MRI tissue parameters also have been measured by CMR. The MRI relaxation times, T1, T2, and T2*can be determined in the myocardium using specialized pulse sequences that measure the changes in the CMR signal with changes in acquisition timing parameters.71 Relaxation measurements require multiple rescans using different timing parameters in order to derive the relaxation times from the signal intensity versus time curves via nonlinear regression as shown in Fig. 3c. Tl increases with the magnetic field strength used for MRI, but also is associated biologically with disease states that lead to fibrosis, edema, and amyloid deposition. TI is reduced by the administration of a gadolinium-based contrast agent (Gd), which briefly is retained in the interstitial space.7 making measurements before and after Gd, the ECV can be determined and used as a biomarker for myocardial fibrosis (Fig. 3). A study conducted at 3 Tesla in a cohort(n=76) of asymptomatic volunteers 20-90 years of age-reported native myocardial 7I and ECV, but not T2, were significantly greater in age-matched women than in men.23 In addition, 71 and ECVincreased with increasing age. However, in children (aged 9-18) 71 did not change with age but was significantly correlated (r=0.448,p-0.005)with body mass index(BMI).4 Although apposite interobserver variability has been reported for myocardial TI measurements with ICC>0.90,75 for multicenter investigations, it is good practice to certify that the Tl mapping method utilizes a standardized acquisition and post-processing approach.76
Studies also have evaluated T2, which increases with water content in myocardial tissues, as in myocardial edema. T2 is reported to decrease significantly with increasing age. R Decreases in the related parameter, myocardial T2*, have been associated with iron deposition which is indicative of thalassemia in children.77 A high-field (7) study of chicken embryos reported that T2 in the heart and other organs decreased during embryonic development. ' In a Polish study of 41 healthy children,9-18 years old, myocardial T2 was found to be significantly higher(44.6±4.2 vs.40.4±3.8p=0.002)in females than in males. 4 Normative values of 71, 72, and T2* for various age groups are listed in Table 5.

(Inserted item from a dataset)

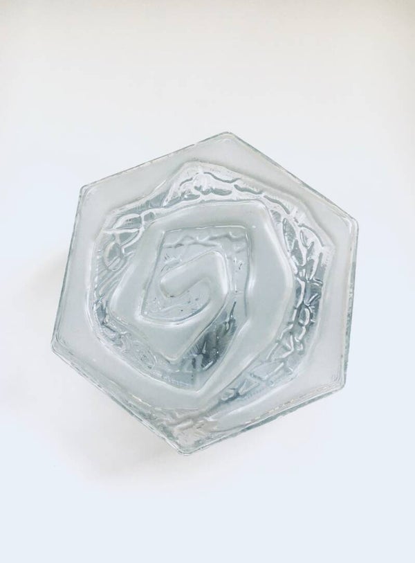 Vintage Midcentury Modern Design Glass Sconce Wall Lamp. Made in Germany 1960's. Hexagonal clear pressed glass with spiral design in matted glass. In very good condition. Measures 9,5cm x 17,5cm x 17,5cm.

The development of the heart in early childhood has also been studied using CMR. Most of these studies have focused on infants with congenital heart diseases such as patent ductus arteriosus (PDA) and preterm infants. In studies of extremely young subjects, cardiac dimension measurements are typically indexed to body weight. Indexed cardiac parameters were significantly greater in a group of 16 PL A infants compared to 29 control infants in a study that showed good intra- and interobserver agreement. " These parameters included LV stroke volume (2.81±0.83 vs.1.82±0.29ml/kg,p<0.001),end-diastolic volume (3.38±1.34 vs.2.47±0.38ml/kg,p=0.001),and LV mass(2.46±0.59 vs.1.39±0.23g/kg,p<0.001).However, there were no significant differences in ejection fraction or fractional thickening between the two groups. Currently, studies of RV function and structure in infants have not demonstrated adequate reproducibility.

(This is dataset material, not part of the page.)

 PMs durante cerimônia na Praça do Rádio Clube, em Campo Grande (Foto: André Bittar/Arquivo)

CMR was used to measure cardiac output and tricuspid and mitral E/A trans-mitral waveforms with Doppler at median 30.4 weeks gestational age (95% range 28.4-32.7), and then again at a median age of 10.0 years(95% range 9.4-11.7)in 547 subjects.80 These investigators found that higher third-trimester umbilical artery resistance was associated with higher childhood RVEF(p<0.05), but not with other cardiac outcomes. The third-trimester umbilical artery to cerebral artery pulsatility index ratio was not associated with childhood cardiac outcomes. Cistanche Extract Anti Radiation Higher third-trimester fetal LV output was associated with lower childhood LV EF and higher LV mass-to-volume ratios (p<05). Third-trimester fetal RV output was not associated with childhood cardiac outcomes. A higher third-trimester fetal tricuspid valve E/A mitral waveform ratio was associated with higher childhood RV EF(p<0.05).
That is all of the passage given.